This blog is intended to go along with Population: An Introduction to Concepts and Issues, by John R. Weeks, published by Cengage Learning. The latest edition is the 13th (it will be out in January 2020), but this blog is meant to complement any edition of the book by showing the way in which demographic issues are regularly in the news.

You can download an iPhone app for the 13th edition from the App Store (search for Weeks Population).
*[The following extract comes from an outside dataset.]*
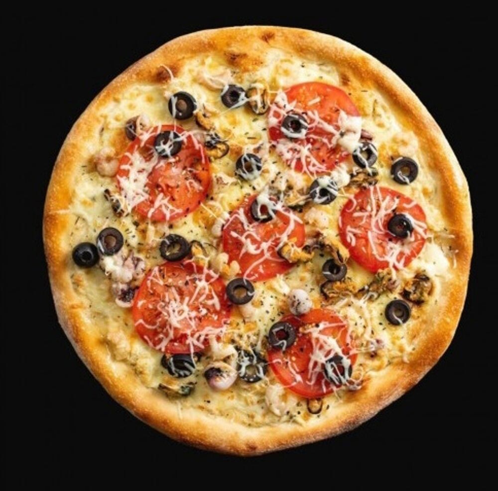 Морской коктейль (креветка, мидии), томаты, маслины, сыр моцарелла, фирменный белый соус с лососем

If you are a user of my textbook and would like to suggest a blog post idea, please email me at: john.weeks@sdsu.edu

Thursday, July 21, 2016

The History of the Population Association of America Has a New Website

For several decades now there has been an ongoing effort to keep up with and write the history of the Population Association of America. The effort was first started by Anders Lunde, who received his doctorate in sociology at Columbia University under Kingsley Davis. Most of his professional career was spent at the National Center for Health Statistics in Washington, D.C. (which is now part of the U.S. Centers for Disease Control). When he became PAA secretary-treasurer in 1965, he was dismayed by the dearth of usable PAA files he inherited. So, Lunde subsequently decided to create an archive of data, including oral histories of past PAA presidents. In 1973, he became the first Historian of the PAA and assembled core records of meetings, membership numbers and officers and Board members since PAA's founding in 1931. With these data available to him, he started interviewing past presidents who were still alive at that time, beginning with Frank Notestein at the Population Council. He interviewed 12 others between 1973 and 1979 when he retired from the NCHS. In 1982, Lunde asked Jean van der Tak of the Population Reference Bureau to assume the role of PAA Historian. She subsequently brought the oral histories up-to-date as of 1994, calling them "Demographic Destinies". She retired in that year, and the PAA Board asked me to take over the role of PAA Historian. With the help of a great set of committee members--Dennis Hodgson of Fairfield University, Karen Hardee of the Population Council, Deborah McFarlane of the University of New Mexico, and Emily Merchant of Dartmouth University--we have been trying our best to interview all past PAA Presidents, as well as provide brief histories of the PAA and a timeline of PAA events. 

For many years these historical archives were hosted by San Diego State University, but this week Danielle Staudt and Bobbi Westmoreland of the PAA were able to finalize their integration into the website of the Population Association of America. Take a look, and enjoy!